“Saya masih berusaha minta lagi ke Kementerian Perhubungan, mudah-mudahan bisa. Kalau dapat, separuhnya saja berarti saving duitnya ada buat kegiatan lain,” kata Sadewo.
Selain mengupayakan subsidi pemerintah pusat, Pemkab Banyumas juga mengkaji kemungkinan penyesuaian tarif. Tarif yang diwacanakan maksimal Rp5.000 untuk penumpang umum dan Rp3.000 bagi pelajar.
Pemkab juga mempertimbangkan pemanfaatan badan bus sebagai media iklan untuk menambah sumber pendapatan. Rencana tersebut masih dikaji, termasuk mengenai ketentuan materi iklan yang dapat ditampilkan.

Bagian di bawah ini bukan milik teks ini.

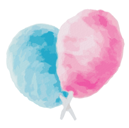
Cotton Candy $4.50
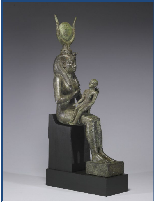
Figure 3. Isis Lactans, Late Period (ca. 6th c. BCE) bronze statuette of Isis breastfeeding Horus the Child.

in an Egyptian mold (Bull 2021; Frankfurter 1998: 33). Among the most known motifs are the representations of Maria Lactans (Fig. 1), which bring to mind those of Isis with the child Horus (Figs. 2 and 3); similarly, the figure of the holy horseman or warrior-saint slaying a dragon, devil, symbolic human enemy or snake with his spear (Fig. 4, Snyder 2019) echoes that of Horus fighting an enemy in the form of a hippopotamus, snake, or crocodile, battling Seth, or killing Apophis (Fig. 5).
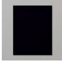
Basic Black 8-1/2\" X 11\" Cardstock [121045]
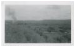
Road leading from the school across the bridge to the Reserve, Round Lake Sask. (13d-c5710-d25)
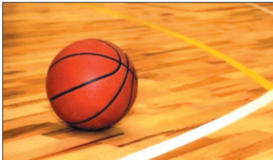
Special to Long Beach Breeze
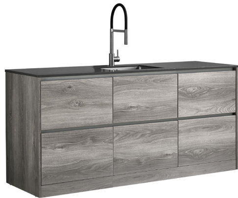
LEV19DRDRDRCCCEL (Elm Woodgrain Cabinet)
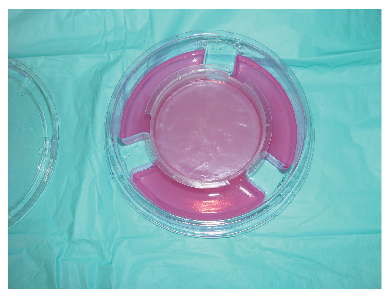
Figure 1 Apligraf® as it is received from the manufacturer. Note that the epidermal side is dull-appearing and facing upwards.

Prior to application of Apligraf, the wound bed should be optimized, a term that has been called "wound bed preparation." For VLU, wound bed preparation consists of debridement of any slough, necrotic, and possible fibrotic material. For DFU, wound bed preparation begins with sharp debridement to remove, not solely the debris, slough, and necrotic tissue within the wound, but also all of the calloused tissue surrounding the ulcer. Apligraf should not be applied to infected wounds.
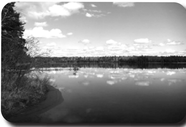
Scenic lake views await you at the park.

Experience an “Up North, Boundary Waters feel” as you hike, camp, fish and recreate in the park’s more than 4,000 acres. The lakes, hills and rocky landscape you’ll explore were shaped by glaciers. Walk beneath large pines that avoided heavy logging as early as 1895, a time when they were too small to be cut. Glimpse a variety of wildlife including black bears, grey wolves, white-tailed deer, pine marten, otters and moose. Visit in winter to ski, snowshoe, snowmobile or cozy up in one of the reservable cabins or guesthouse. The park was created in 1961 as a place for visitors to enjoy year-round. In 2010, it won the America’s Favorite Park contest.

Di sisi lain, pemerintah daerah membuka peluang menambah armada Trans Banyumas secara bertahap dengan bus listrik. Namun, harga satu unit bus listrik yang diperkirakan mencapai Rp3,5 miliar, di luar biaya pembangunan infrastrukturnya, membuat rencana tersebut masih harus melalui kajian lebih lanjut.
Sadewo menegaskan Pemkab Banyumas akan terus mencari berbagai sumber pembiayaan agar keberlanjutan layanan Trans Banyumas dapat terjamin tanpa sepenuhnya bergantung pada APBD.
Trans Banyumas sementara berhenti beroperasi sejak Minggu (30/8/2026) menyusul perubahan skema pembiayaan dari APBN ke APBD. Pemerintah daerah kini mengejar penyelesaian proses penganggaran agar layanan tersebut dapat kembali melayani masyarakat sesuai target pada 18 September 2026.